Official repository for "AM-RADIO: Reduce All Domains Into One"

Other

605 stars 23 forks source link

Fine-tuning on downstream tasks directly #84

Open githubiubiu opened 2 weeks ago

githubiubiu commented 2 weeks ago

Hello ! Thanks for this amazing work, I want to know how to use the radio model for fine-tuning on downstream tasks (maybe not classification tasks). For vit-L/14, is it possible to load only the backbone parameters including multiple cls tokens (like loading imagenet pre-trained weights), or is it necessary to load dino/clip head? My downstream task is similar to defect detection. Thank you very much for your reply！

githubiubiu commented 2 weeks ago

And when I replaced the existing DINOv2 vit-L/14 (pretrained weights only) with RADIO vit-L/14, the accuracy has dropped. I am not sure if it is caused by the incorrect use of RADIO, which bothers me.

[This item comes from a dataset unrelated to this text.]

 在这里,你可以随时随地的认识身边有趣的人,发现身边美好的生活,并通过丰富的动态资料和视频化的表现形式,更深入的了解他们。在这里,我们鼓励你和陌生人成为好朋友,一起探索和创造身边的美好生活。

gheinrich commented 2 weeks ago

Hello, yes RADIO is very much designed to be used in a downstream application. We usually keep the backbone frozen and train a task-specific head on top of the shared backbone features. Have you seen the semantic segmentation example? RADIO was also integrated as a backbone in Probe3D.

Can I check with you that your inputs into RADIO are RGB values in the [0,1] range?

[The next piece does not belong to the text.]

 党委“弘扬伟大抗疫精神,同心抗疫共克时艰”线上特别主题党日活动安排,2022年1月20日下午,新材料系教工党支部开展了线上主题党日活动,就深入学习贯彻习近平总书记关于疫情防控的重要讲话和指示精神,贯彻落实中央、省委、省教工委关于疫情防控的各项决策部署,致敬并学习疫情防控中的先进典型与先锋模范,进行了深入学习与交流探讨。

githubiubiu commented 2 weeks ago

Thanks for your quick reply. I followed your instructions to freeze the entire backbone and only train the head, but it didn't work for my task. I added lora to the backbone, which gave me better results, but still inferior to dinov2. And for data preprocessing, I first normalized and regularized the img and replaced the input_conditioner with nn.Identity().

mranzinger commented 1 week ago

One thing that comes to mind is that RADIOv2.5-L is a ViT-L/16 model, not an /14 model. Have you ensured that you're handling that difference in patch sizes properly? For example, running DINOv2 at 448px is equivalent to running RADIOv2.5-L at 512px given that it's the same number of tokens processed by either model +/- some negligible compute.

githubiubiu commented 5 days ago

Yes, I noticed this diff at first, but I found that in the paper vit-l is vit-l/14 instead of vit-l/16. And the patch size in the code can easily achieve interpolation from 16 to 14, so I used the interpolated patch size (16 -> 14). Will this be the key to the performance degradation? I will try it experimentally. Thank you for your reply.

mranzinger commented 5 days ago

Yeah, very possible that interpolating to patch 14 is causing enough of an issue to degrade results. The choice between 14 and 16 is tricky for our models. I suppose I personally prefer 16 because it's a better number for computing. From a modeling standpoint, this choice mostly affects what we call "effective resolution" which is essentially the number of patch rows and columns. So if you have a ViT-L/14 at resolution 448, then it's roughly identical to a ViT-L/16 at resolution 512. Both have an effective resolution of 32x32 in this case.

Because you're using DINO-L/14, you'll want to account for the effective resolution when comparing to RADIOv2.5-L/16 by scaling the input resolution by 16/14 when handing to RADIO. In doing so, you'll get an identical number of output patches between the two models, and also each input patch will encompass the exact same image content, making the comparison fair.